Aspen Baker is founder of the pro-abortion group Exhale. This group is meant to give post-abortion support to women who are emotionally troubled by their abortions or hurt after abortion. The group will try and make a woman feel comfortable with her abortion. It was set up because the pro-choice movement finally realized that many women hurt after abortion.

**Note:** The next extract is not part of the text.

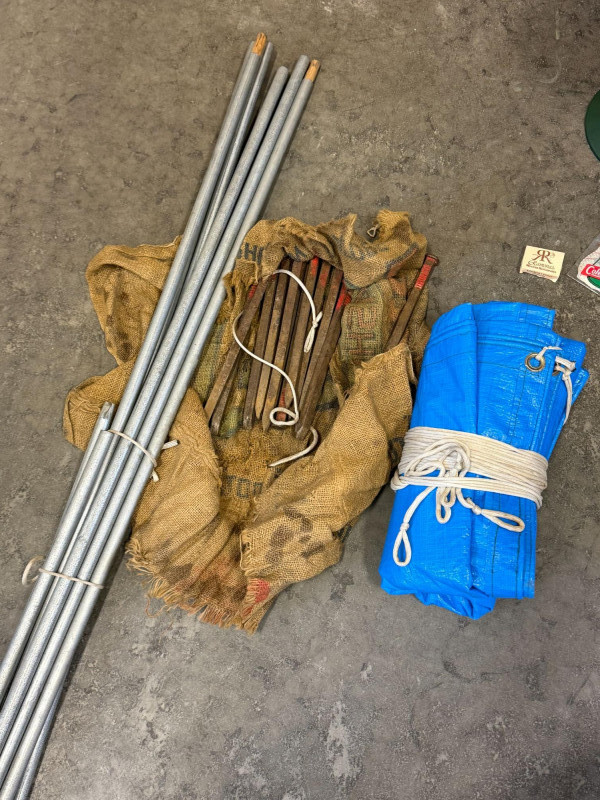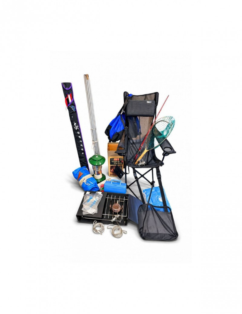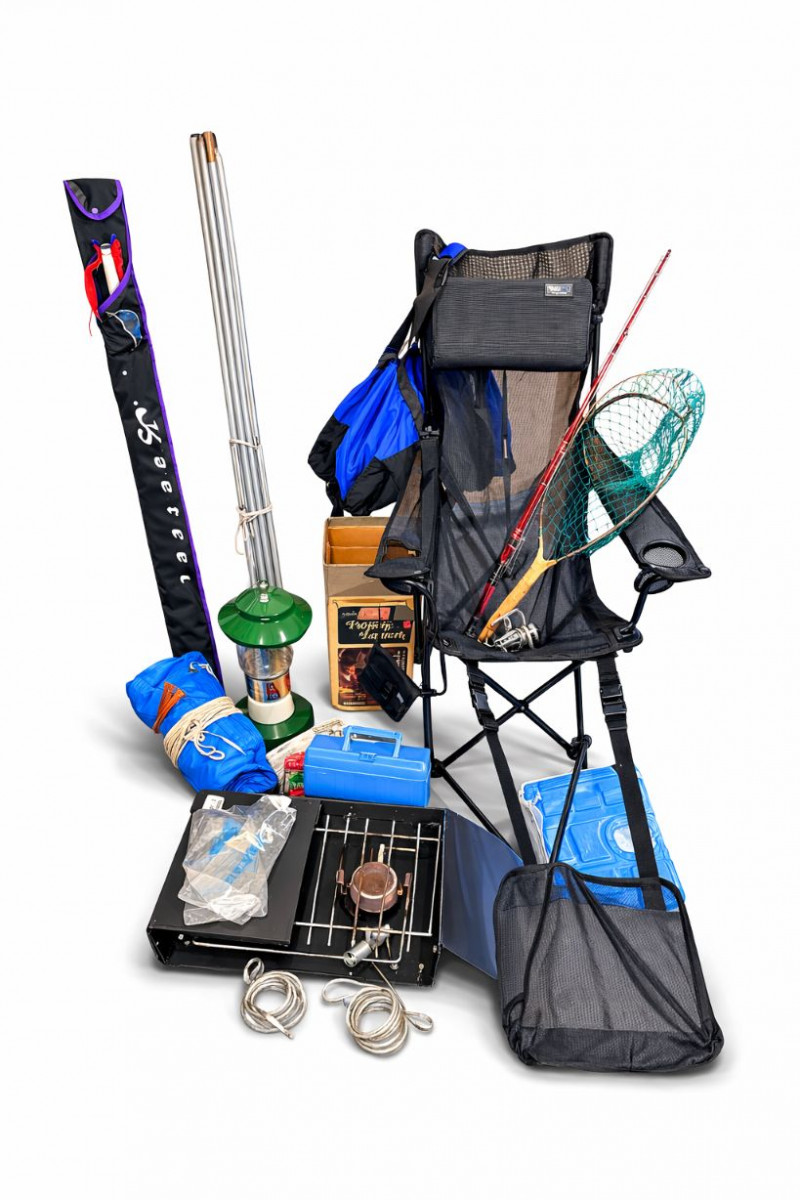 Assorted outdoor recreation lot featuring fishing and camping equipment. This grouping includes a fishing rod with spinning reel, landing net, portable propane camp stove, Coleman propane lantern with box, folding camp chair with footrest, and additional camping accessories. Also included are tent poles, a tarp, rope, water pouches, and a fishing rod carrying case. A practical mixed lot for camping, fishing trips, or general outdoor use.

Aspen Baker explains why this was so hard for pro-abortion groups to swallow:

“Before Exhale started, the most prominent people who were talking about post-abortion feelings were pro-life.” There has been a few pro-choice projects here and there that considered this perspective…but these were “few and far between and did not have wide pro-choice support.”

The author of the book this appears in then says:

“The common pro-choice refrain was “most women feel relief”  – and nothing else – and pro-choice advocates rejected the idea of a “postabortion syndrome.”…

It was assumed that anyone who talked about abortion feelings, especially difficult ones like sadness or grief, had been bamboozled by pro-life extremists…

When someone truly cares about women they are open to hearing what women want to say (whether they are pro-choice or pro-life or neither), but when the care is primarily about securing or ending the legal right to abortion then there is great concern about what women say about their own abortions.”

Mary Mahoney and Lauren Mitchell The Doulas: Radical Care for Pregnant People (New York: Feminist Press, 2016) 21-22

Read stories of women who are hurt after abortion.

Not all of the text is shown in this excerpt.